Average cost AC = \( \frac{TC}{x} = \frac{18}{3} = 6 \), so AC = Rs. 6
In simple words: Work out the total cost using the formula, then take away the fixed part to get the variable part. Average cost is just the total cost split equally across all units.

Exam Tip: Remember that TFC is found by setting x = 0 in the cost function, and TVC is everything remaining after you remove the fixed part.

 

Question 3. Cost of producing 75 units of a commodity is Rs. 275 and cost of producing 150 units is Rs. 300. Assuming that TVC is linear, find the:
(i) cost function.
(ii) average total cost of producing 75, 150, 225 units respectively.
(iii) average fixed cost of producing 75, 150, 225 units respectively.
(iv) average variable cost of producing 75, 150, 225 units respectively.
Answer: (i) Since TVC is linear, we have TC = TFC + TVC = a + bx for constants a and b.

From the given data:
a + 75b = 275 - (i)
a + 150b = 300 - (ii)

Subtracting (i) from (ii): 75b = 25, so b = 1/3
From (i): a = 275 - 75(1/3) = 275 - 25 = 250

So the cost function is \( C(x) = 250 + \frac{1}{3}x \)

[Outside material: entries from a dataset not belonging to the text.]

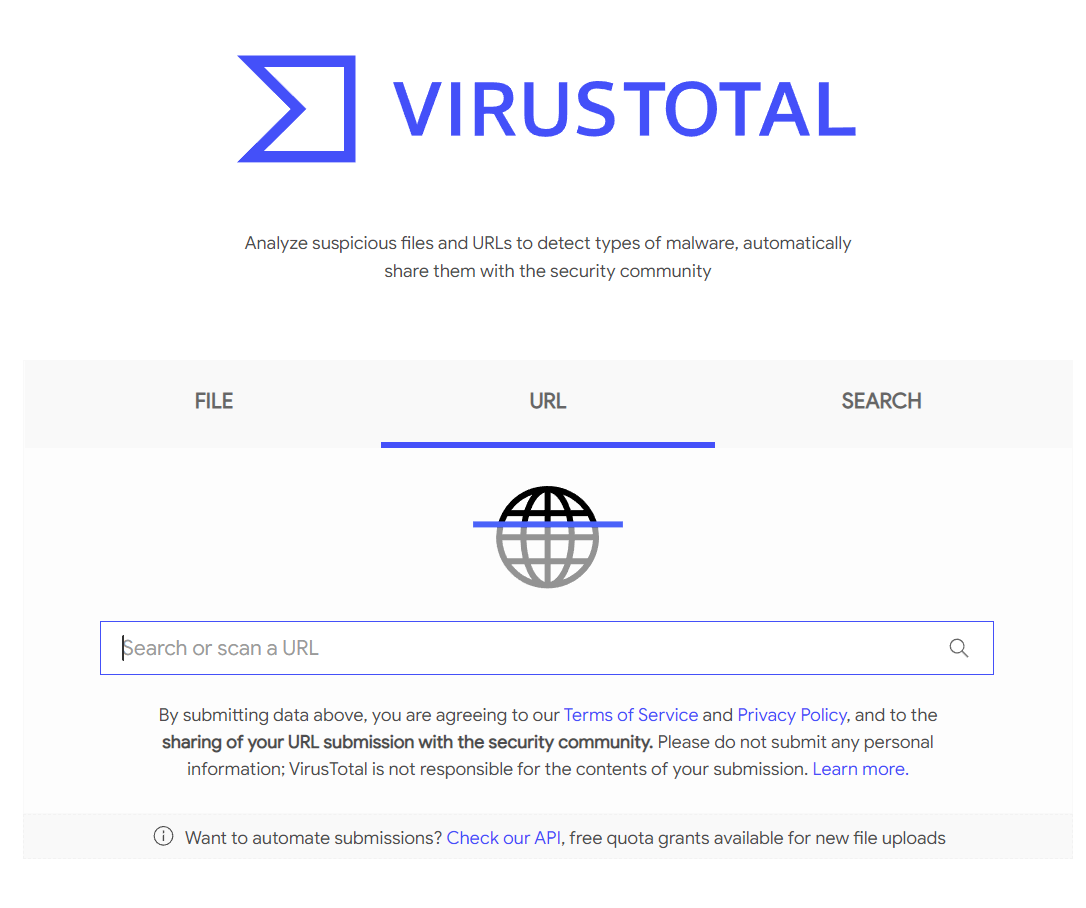 위에 알려드린 바이러스토탈 홈페이지에 접속하시면 되구요.
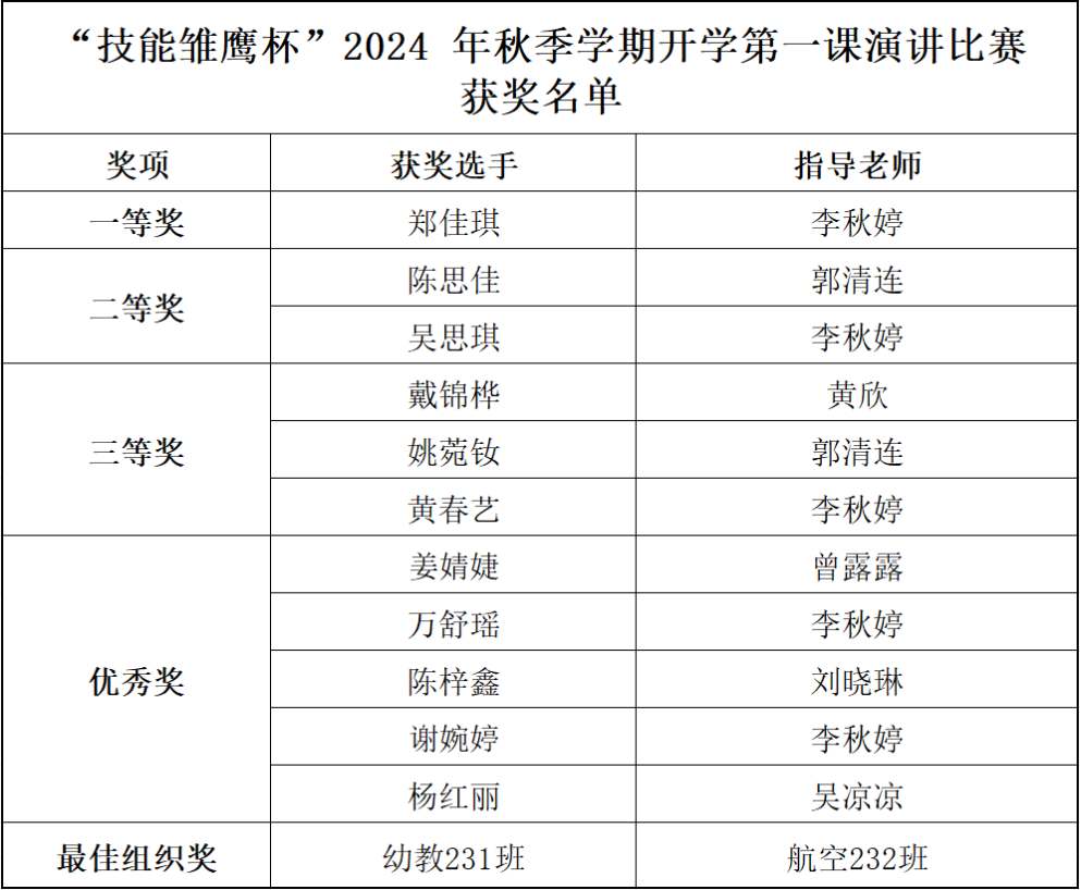 選手們的精彩表現(xiàn)贏得了現(xiàn)場觀眾的陣陣喝彩。評委團根據(jù)演講內(nèi)容、語言表達、形象風(fēng)度等標準,進行了公正評判。最終,獲獎名單如下: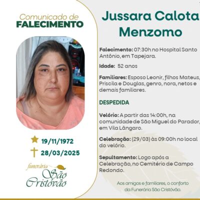 A Funerária São Cristóvão, juntamente com a família Menzomo, comunica com pesar, o falecimento de Jussara Calota Menzomo, ocorrido às 07h30 do dia 28/03/2024 no HSA de Tapejara com 52 anos de idade. Seu corpo será velado a partir das 14 horas na Comunidade de São Miguel do Parador – Vila Lângaro. Celebração às 09 horas do dia 29/03/2025 e após seu sepultamento no Cemitério da Comunidade de Campo Redondo.

(ii) Average total cost = TC/x
At x = 75: AC = 275/75 = Rs. 3.67
At x = 150: AC = 300/150 = Rs. 2.00
At x = 225: AC = \( 250 + \frac{1}{3}(225) \) / 225 = 325/225 = Rs. 1.44

(iii) Average fixed cost = TFC/x = 250/x
At x = 75: AFC = 250/75 = Rs. 3.33
At x = 150: AFC = 250/150 = Rs. 1.67
At x = 225: AFC = 250/225 = Rs. 1.11

(iv) Average variable cost = TVC/x = (1/3)x/x = 1/3
At x = 75: AVC = Rs. 0.33
At x = 150: AVC = Rs. 0.33
At x = 225: AVC = Rs. 0.33
In simple words: Use two known points to find the two unknowns in your linear formula. Average fixed cost drops as you make more, but average variable cost stays the same because it is constant.

Exam Tip: Verify your cost function by checking that both given data points satisfy the equation you found.

 

Question 4. The total cost of producing and marketing x units of commodity is given by \( C = 2x + e^x + 5e \). Find (i) the fixed cost (ii) the variable cost (iii) total cost of producing 5 units (iv) average cost of producing 5 units.
Answer: (i) Fixed cost = \( C(0) = 2(0) + e^0 + 5e = 1 + 5e = \) Rs. \( 5e \)

(ii) Variable cost = TC - FC = \( 2x + e^x + 5e - 5e = 2x + e^x \) = Rs. \( (2x + e^x) \)

(iii) Total cost at x = 5: TC\( |_{x=5} = 2(5) + e^5 + 5e = 10 + e^5 + 5e \)

(iv) Average cost at x = 5: AC = \( \frac{10 + e^5 + 5e}{5} = 2 + \frac{e^5}{5} + e \)
In simple words: The fixed cost is what you pay when you make zero units. The variable cost grows with each unit you produce. Divide total cost by units to get the average.

Exam Tip: Always set x = 0 to find fixed cost - this separates out the part that does not depend on production level.

 

4.2 Demand Function; Revenue and Profit Functions

4.2.1 Demand Function

Research in economics shows that how much of a product people want depends on many things - the product's price, what buyers earn, their likes, and prices of similar items. To keep things simple, we only look at the link between how much people want and what the price is, treating everything else as unchanging.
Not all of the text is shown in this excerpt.